Volunteer Fire Fighters’ Monument, 1864
Leonard Wells Volk
Rosehill Cemetery
East
central section
5800 North Ravenswood
Avenue
Rosehill Cemetery was chartered in 1859 and is the oldest
and largest (with 350 acres) non-sectarian cemetery in Chicago. It features the
graves of more than twelve of the city’s former mayors, four Illinois governors
and twelve Civil War generals. This monument was erected by the Firemen’s
Benevolent Association six years after the city disbanded the volunteer
companies and established a paid fire department in 1858. It marks the grave of
15 firefighters and was refurbished in 1979, including a new granite marker
with a list of their names.
The sculptor, Leonard W. Volk, set up a studio on Clark
Street in 1858 and was responsible for two additional tall memorial shafts in
Chicago, the Stephen A. Douglas Tomb and Memorial on the South Side and another in Rosehill Cemetery, the Civil War
Monument known as Our Heroes. Volk is
buried here as well, in the southeast section, and his monument shows him as if
he is an old man resting during a walk in the country.
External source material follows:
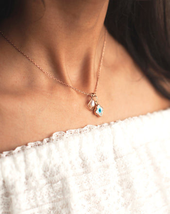 Evil eye jewellery works as a talisman that attracts good energy while keeping bad vibes far away! Consider your evil eye necklace as a protective shield against negativity.

A marble fireman holding a megaphone stands atop a Doric
fluted column that emerges from a drum that takes the form of a coiled fire
hose. The four corners of the base feature limestone replicas of wooden fire
pumps topped with firemen’s hats. Three of the relief panels below the coiled
hose depict hand-pumped fire engines and the fourth, badly damaged, shows a
fire-fighting scene.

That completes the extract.